Mechanism of interneurones allowing reciprocal inhibition
The interneurons are glycinergic and act through inotropic receptors (LGICR) on the motor neurone. They open up and allow Cl- to flow in (for example) which hyperpolarises the cell decreasing AP firing.
- Because of this, reciprocal inhibition is rapid in onset, short lasting and relatively weak (what we would expect from LGIC inhibition).
Why is presynaptic inhibition important?
The motor system needs a way to suppress the muscle spindle input, to allow voluntary movements to take place (muscle spindles can prevent muscles from stretching).
Describe presynaptic inhibition
Using the arm as an example:
- The triceps naturally also have muscle spindles which have monosynaptic connections with their own a-motor neurones.
- As we can see, the bicep afferents make synaptic connections with inhibitory interneurons that inhibit release of neurotransmitter from the antangonist spindle afferents. This prevents the triceps afferent from exciting its motor neurones when it’s stretched.
This is presynaptic inhibition which has switched off the triceps reflex arc and this is what we want because if we are contracting the bicep we want the triceps to relax.
Mechanism of interneurones allowing presynaptic inhibition
The interneurones here are GABAergic and works through GABAb on the axon terminals which are metabatropic.
- Because of this presynaptic inhibition is slow in onset but long-lasting and more powerful because it is switching off the reflex arc at the synapse. Preventing the α-motor neurones from even being stimulated.
Difference between presynaptic inhibition and reciprocal inhibition
- Presynaptic is through G-couples receptors while reciprocal is through ligand gated.
- Presynaptic switches off the reflex arc at the synapse while reciprocal only inhibits it.
- Presynaptic prevents a-motor neurones from being activated while reciprocal decreases the AP firing.
What neurones control extrafusal and intrafusal fibres?
- a-motor neurones control extrafusal fibres
- y-motor neurones control poles of intrafusal muscle fibres
When are the sensory stretch afferents in elastic central part of intrafusal fibres activated?

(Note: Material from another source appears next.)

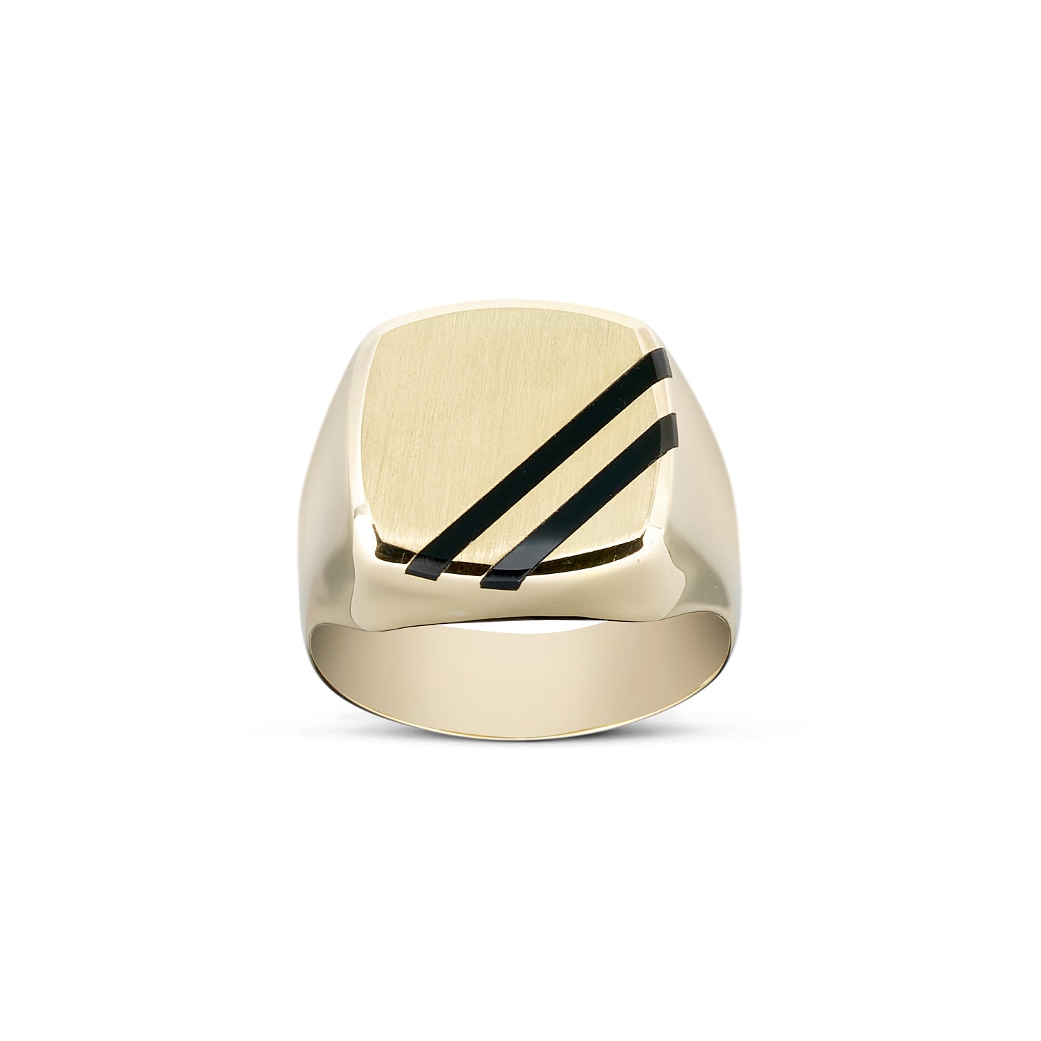 Vibholm GULD - Herrering m. plade, sort emalje - 8 kt. guld

Why does this need to be controlled?
the afferents will only be activated if this bit stretches.
So if the central elastic bit of the muscle spindle stretched at the same time as every time we stretched a muscle, e.g. at a deliberate movement the spindles would be activated and try stop it happening. To try and stop this happened, presynaptic inhibition occurs.
How to poles help prevent centre of intrafusal fibres stretching?
One way is that the poles of the intrafusal fibres are innervated by γ- motor neurones. This allows control of the length of those contractile pole regions of the intrafusal fibres.
The γ- motor neurones do this in such a way that if we are doing a voluntary movement, then if everything goes to plan, the centre of the intrafusal fibres will not change length if we stretch the muscle (or contract it). All the length will be taken up by the poles, therefore the afferents won’t be activated. There will be no activity in the central region so it remains at same length under tension and sensitive to being stretched.
This is the way brain gets to turn off this reflex, by ordering the gamma motor neurones to get the length to be taken up by the poles.